On May 19, the Executive Power issued Decree No. 3605 (the Decree) which lays down an extraordinary regime of measures for holding shareholders and board meetings using telematic means.

 

As set forth in the recitals of the Decree, the aim is to provide a regulatory basis within the framework of health emergency to allow the normal operation of collegiate bodies, such as shareholders or board meetings, and, at the same time, comply with the health measures in force.

 

As a result, exceptional authorization has been granted for a limited period, until 31 December 2020, for the collegiate bodies of corporation to opt for the use of telematic means or digital and/or electronic platforms to hold meetings at a distance, allowing their members to be present and participate in the exercise of their rights and obligations regarding the items of the agenda, in real time and simultaneously with the other participants.

 

In accordance with Article 2 of the Decree, the holding of meetings by telematic means constitutes an option of the collegiate body. In fact, the collegiate body has the faculty and not the obligation, to convene and hold meetings at a distance and by telematic means, providing a series of requirements are met, which are listed below:

 

1. Call: The corporation must publish the notice of meeting and indicate the following:


1.1. The telematic means to be used.


1.2. The company's valid e-mail address for communications.


1.3. The mechanism for certifying the right to participate in the meeting within the legal deadline. It is important to emphasize that this requirement refers to the deposit of the shares no less than three working days prior to the meeting date, as provided for in Article 1084 of the Civil Code. To such end, the shareholder may send a certificate in digital format issued by a depositary entity (bank) or by a notary public, indicating the number of shares deposited, type of share, rights granted and number of votes. In addition, the shareholder who sends the certificate via e-mail must notify the corporation of the valid e-mail address to which the corporation must send the information relating to the meeting, as well as information as to whether she/he will participate in the meeting through a proxy, in which case he must attach the corresponding supporting document.

 

2. Invitation: The corporation must send the invitation to the meeting to the shareholder's mail with the following information:


2.1. Telematic means through which the meeting will take place and information necessary for remote attendance.


2.2. Telematic means by which the information on the items on the agenda may be consulted.


2.3. Means of participating in debates and discussions


2.4. Form and manner of voting.

 

3. During the meeting, the corporation must allow:


3.1. Simultaneous participation (audio and video) of accredited individuals.


3.2 The participation with voice and vote of the accredited individuals and the members of the body (chairman and secretary of the meeting, statutory auditor).

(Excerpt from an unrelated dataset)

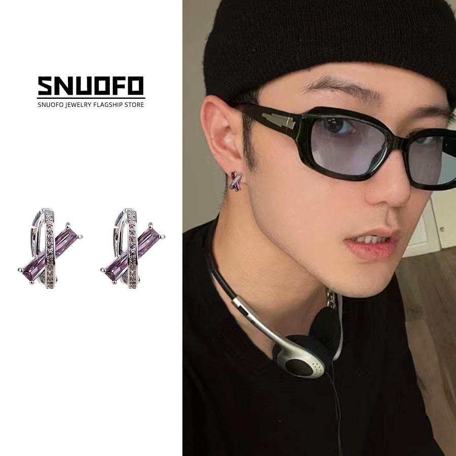 American autumn and winter earrings men's niche design sense advanced men's Ruan handsome earrings personality purple boys hip hop earrings

3.3. Access to the documents to be analyzed by the body.

 

 

4. Obligations for the corporation after the meeting:


4.1. To transcribe or print in the corporate book the deliberations and resolutions of the meeting, indicating the individuals who attended and participated in the meeting; the transcript must be signed by the individuals determined by law (chairman, secretary, two shareholders or their representatives, trustee). In accordance with the provisions of the Decree, with the inclusion of the attendees in the minutes and the corresponding telematic records, the requirements for signing the book of attendance at the meeting are considered to have been met.


4.2. To have a full recording of the meeting, in digital format, which must be kept for five years and be available to shareholders and competent bodies.

 

It is also important to remember that the deadline for calling ordinary meetings was extended to 30 June 2020, so they can be held throughout the month of July 2020.

 

Finally, we point out that the Decree needs additional regulation from the General Department of Legal Entities and Structures and Final Beneficiaries.